As the U.S. energy industry moves further from coal as a resource, many options have arisen as replacements, but a new report from the National Association of State Energy Officials (NASEO) and the National Association of Regulatory Utility Commissioners (NARUC), backs nuclear repowering.

According to “Coal to Nuclear Repowering: Considerations for State Energy Offices and Public Utility Commissions,” closures of coal power plants are to be the new norm, as their long-term economic viability wanes and new federal and state environmental, economic and climate goals come into force.
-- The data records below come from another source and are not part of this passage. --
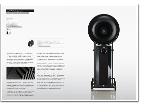 Avantgarde Acoustic ist der weltweit bedeutendste Hersteller von Hornlautsprechern. Ziel des Gestaltungsauftrags war es, ein Corporate Design und eine langfristige kommunikative Leitidee für die Marke zu entwickeln, die das individuell Andere dieser Marke treffsicher transportiert. Die entwickelte Leitidee “Purity meets Performance” tut genau das. Sie erzählt nicht von der Wirkung der Lautsprecher, sondern die Entstehungsgeschichte von Avantgarde Acoustic. Textlich und visuell stellt sie das Markenerlebnis als Schnittmengenprodukt dar, das sich aus der einzigartigen Reinheit und Leistungskraft der Marke ergibt. Eine emotionale Fusion mit einem hochrationalen Kern.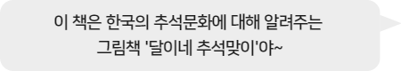 우리 날 그림책 시리즈 4권. 추석을 맞아 할머니 댁에 모인 달이네 가족에게 벌어지는 이야기를 통해 풍성하고 즐거운 추석의 모습과 풍습, 그 속에 담긴 문화를 알려 주는 문화 그림책이다.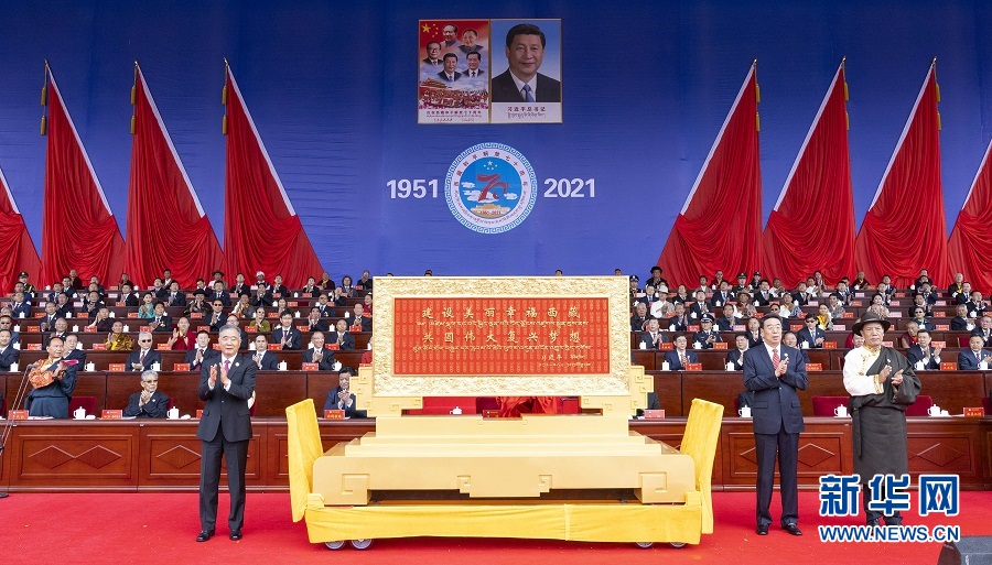 8月19日,慶祝西藏和平解放70周年大會(huì)在拉薩隆重舉行。中共中央政治局常委、全國(guó)政協(xié)主席、中央代表團(tuán)團(tuán)長(zhǎng)汪洋向西藏自治區(qū)、西藏軍區(qū)、武警西藏總隊(duì)、西藏自治區(qū)政法系統(tǒng)、中國(guó)佛協(xié)西藏分會(huì)分別贈(zèng)送了中共中央總書(shū)記、國(guó)家主席、中央軍委主席習(xí)近平題詞的“建設(shè)美麗幸福西藏 共圓偉大復(fù)興夢(mèng)想”賀匾和賀幛。新華社記者 黃敬文 攝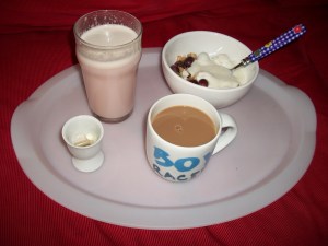 • Whey protein drink (20g flavoured, with water).  Occasionally I’ll have eggs (3 white/1 yoke) on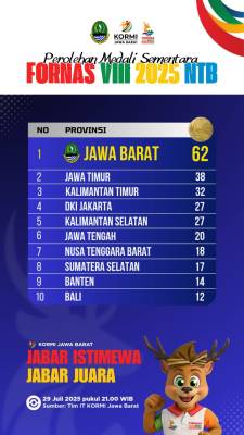 Nurmuttaqin mengungkapkan Selasa 29 Juli 2025 pukul 21.00 WIB, Jawa Barat telah mengoleksi 62 medali, unggul jauh dari provinsi lain dan menduduki peringkat pertama dalam klasemen perolehan medali sementara FORNAS VIII 2025.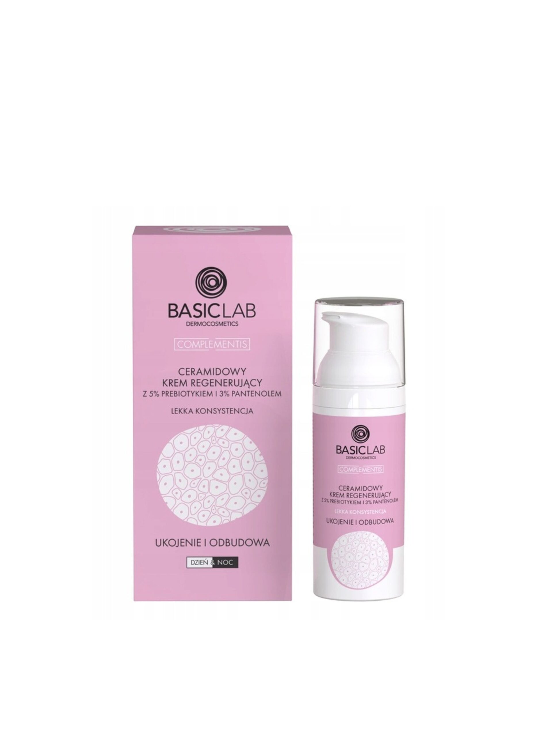 Lekki krem z ceramidami typu 3 i 6, 5% prebiotykiem, pantenolem i alantoiną intensywnie regeneruje, koi podrażnienia i wzmacnia barierę hydrolipidową skóry. Zapewnia długotrwałe nawilżenie, poprawia elastyczność i chroni przed działaniem czynników zewnętrznych. Szybko się wchłania, nie obciążając skóry, dzięki czemu doskonale sprawdza się w codziennej pielęgnacji oraz pod makijaż.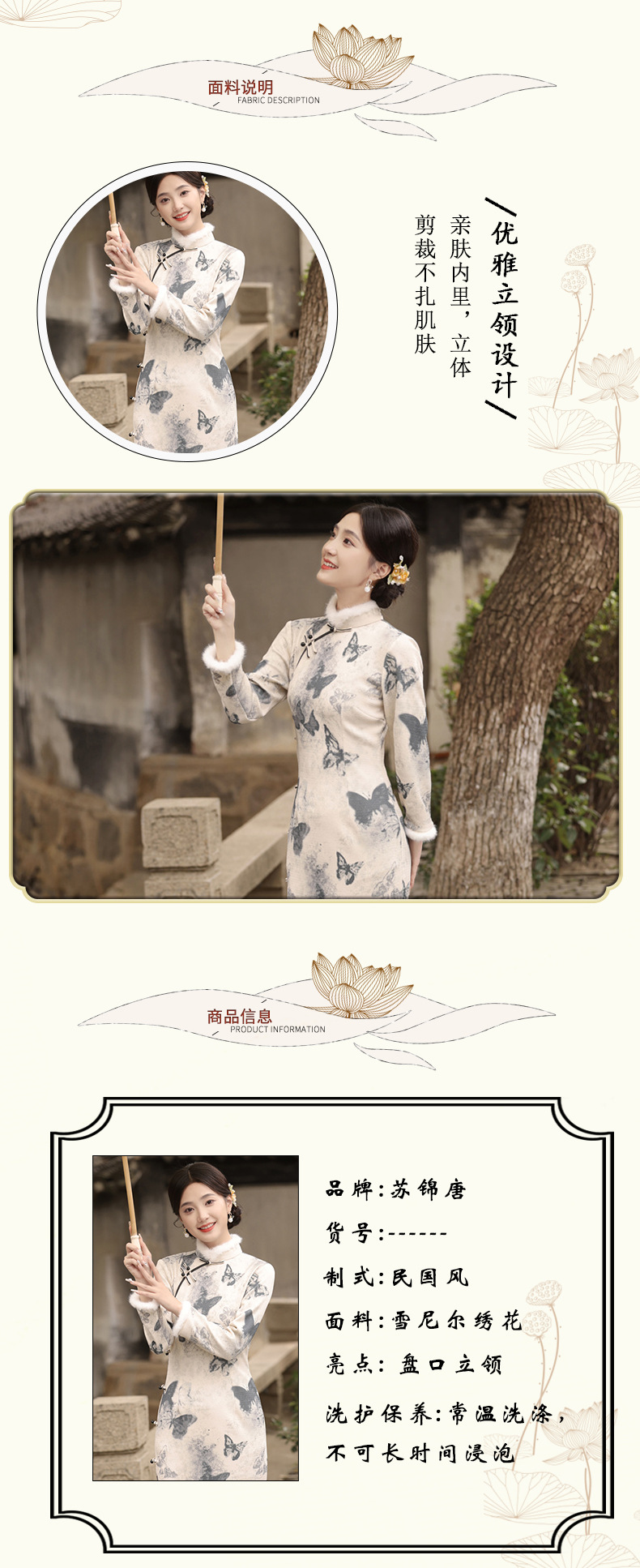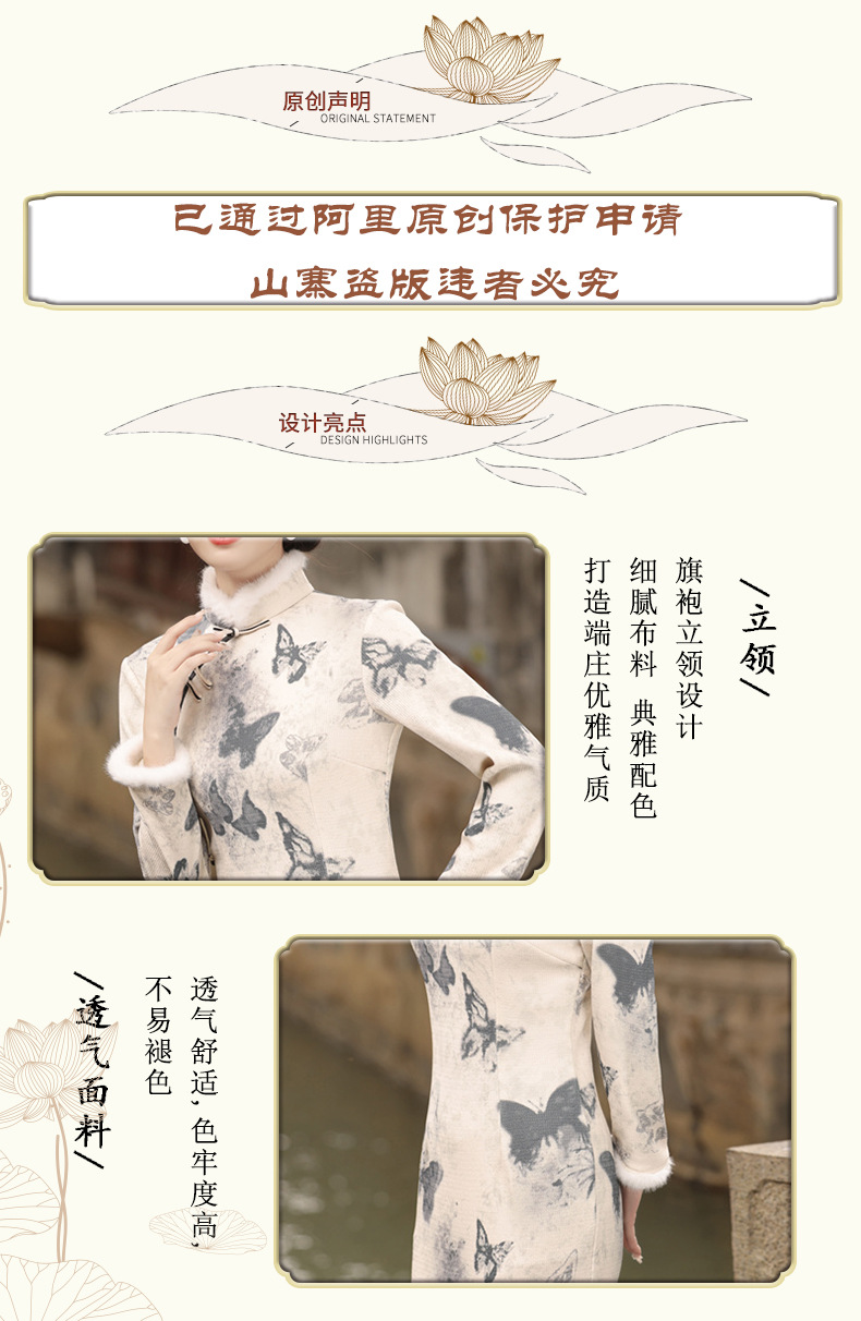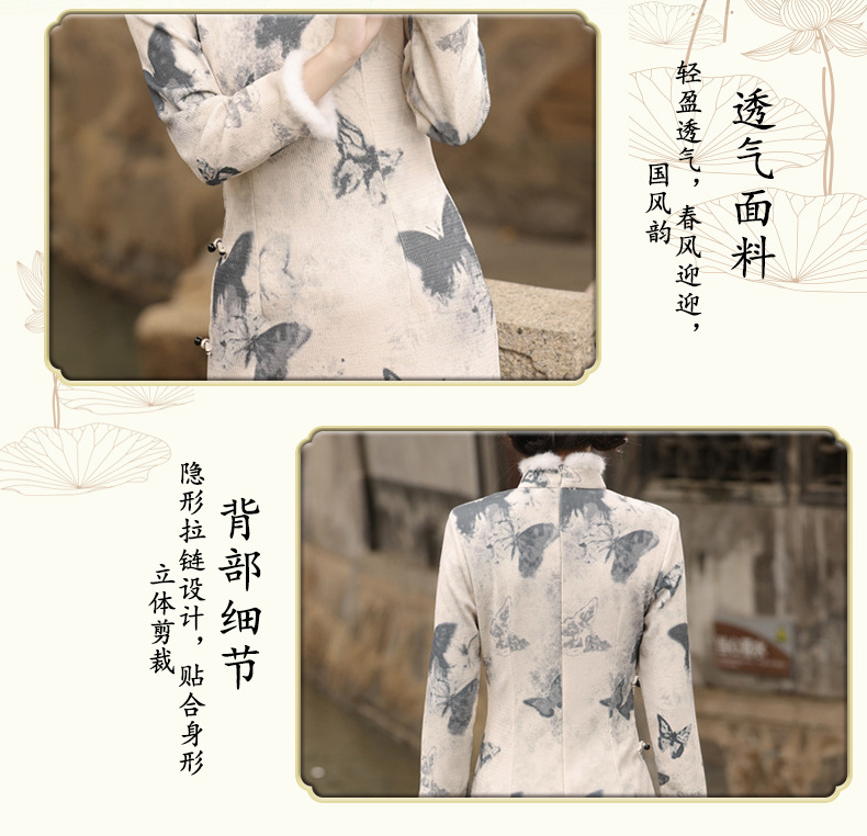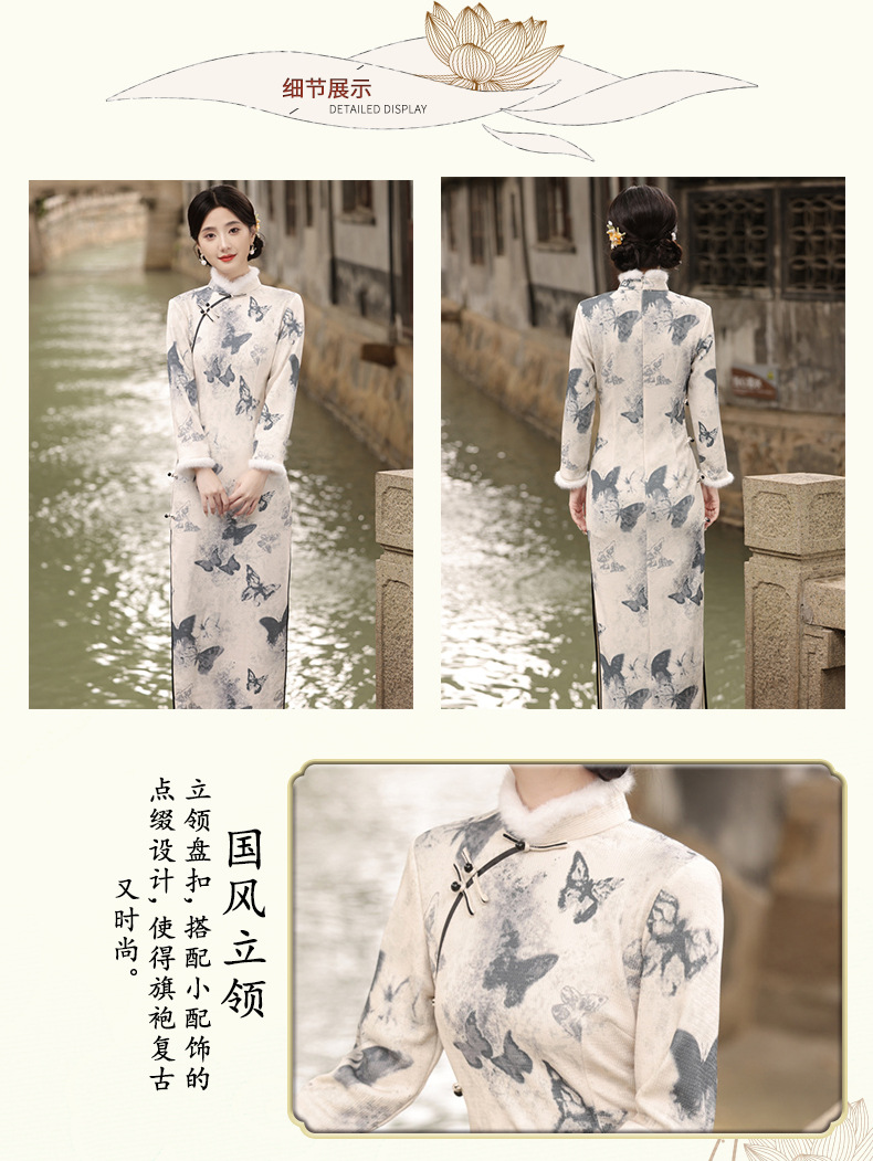 TX-399冬季新款加毛加厚圆襟长款改良旗袍水墨蝴蝶图案气质修身旗袍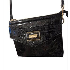 BETSEY JOHNSON Designer Chic Black Patent Leather Retro Flap Crossbody Bag EUC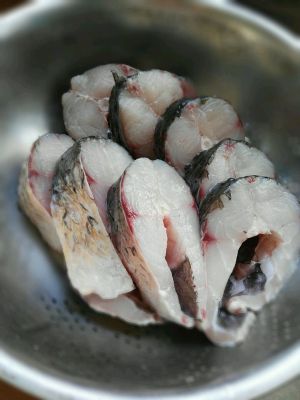 鱼段洗净从脊背处劈开,切成2cm左右厚片。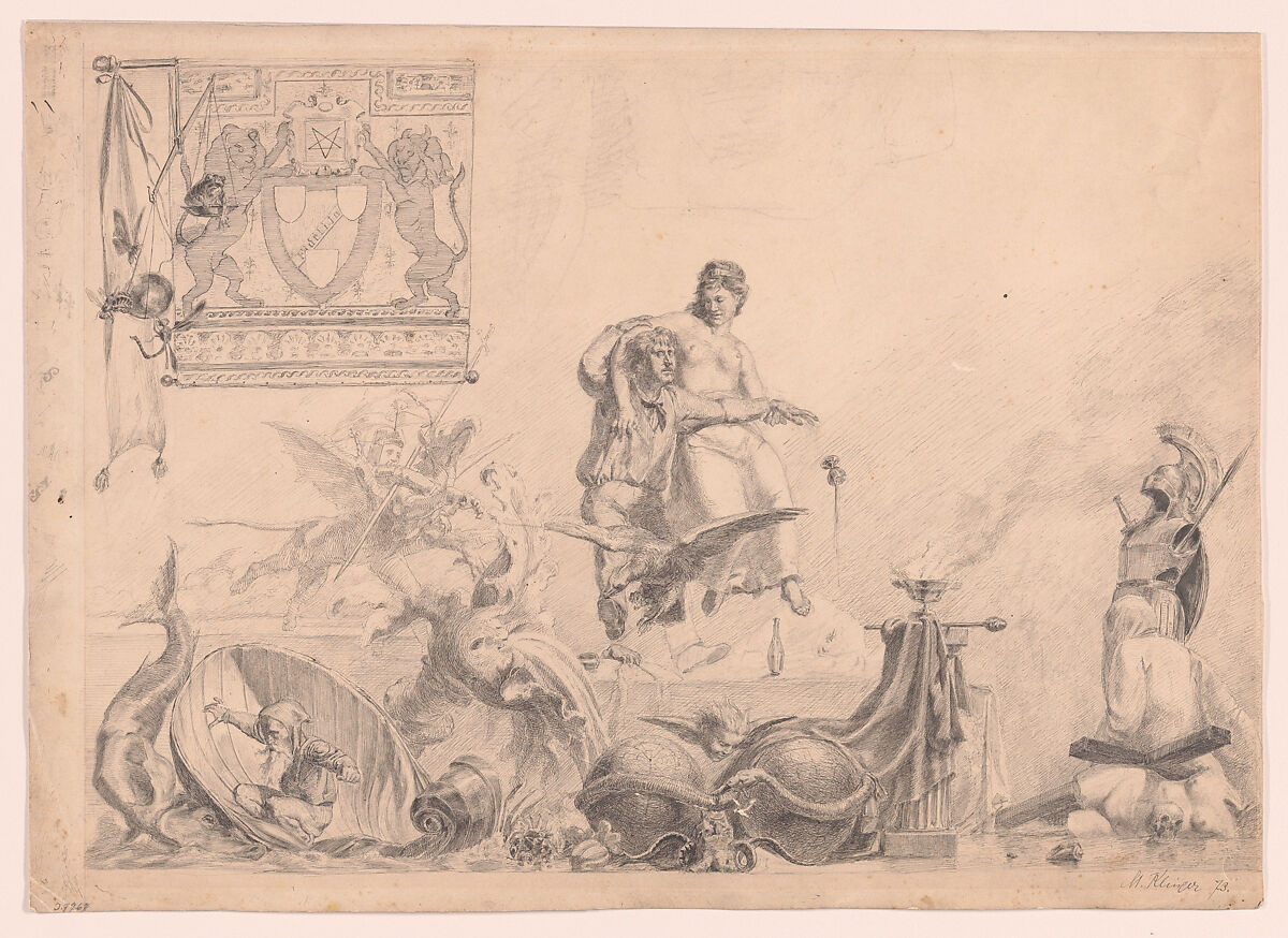 Phantasie und Künstler is a design for an invitation to a party at the Karlsruhe Akademie where Klinger was a student in 1872-73. An inventive and exuberant work, the sketch on the verso shows an alternate design for the composition and provides insight into Klinger's workiing method. The subject is the combination of art and Eros that pervades the artist's oeuvre and for which he was famous.

This, however, presents other opportunities.

“States are exploring opportunities to use the infrastructure and existing workforce located at the sites of retiring or retired coal power plants to potentially site small modular nuclear reactors (SMRs),” the report said.

Working with 31 State Energy Offices and Public Utility Commissions across the country, along with the U.S. Department of Energy Office of Nuclear Energy, the report concluded that transitioning some retired coal plants to host SMRs could offer reliable replacements, complete with reduced emissions, workforce and economic development potential, and the possibility to save money by simply repurposing existing infrastructure.

The authors cited a Department of Energy-led study from 2022 that found 80 percent of the 157 retired coal power plants at that time could be conducive to siting advanced reactors. DOE also found that percentage held true for the 237 sites with still operational coal plants.

Repowering, in this case, refers to situating a nuclear plant on the location of a former coal plant.

Despite the potential opportunities, this swap would not come without its share of challenges, though. The report noted that costs would be significant even with the reuse of infrastructure, a first of its kind technology like SMRs and other advanced nuclear options could see overnight capital costs ranging from around $6,000 – $10,000/kw. Significant time investments would also be required, especially with permitting and siting demands factored in.

While the sites would be cleaner producers of energy than coal, spent nuclear fuel would require its own problems for any state to address, although SMRs require less frequent refueling. There is also the issue of public perception. The report pointed out that concerns could arise from a mix of uncertainty or misinformation on safety or the storage of spent nuclear fuel, or even objections to closing the coal plants in the first place. Even that may not be what it once was, though, and education could be the deciding factor.

Baseline support for nuclear in coal communities outweighs opposition by nearly five times and that support did not drop off with different political affiliations, the report said, in turning to another report submitted by the Kentucky Office of Energy Policy.

“Still, the results emphasized the importance of communities being educated on an issue – finding that nuclear support directly correlated with nuclear knowledge,” the report said. “One of the topline messages that resonated with coal communities was the role nuclear energy could play in supporting energy independence and reliability.”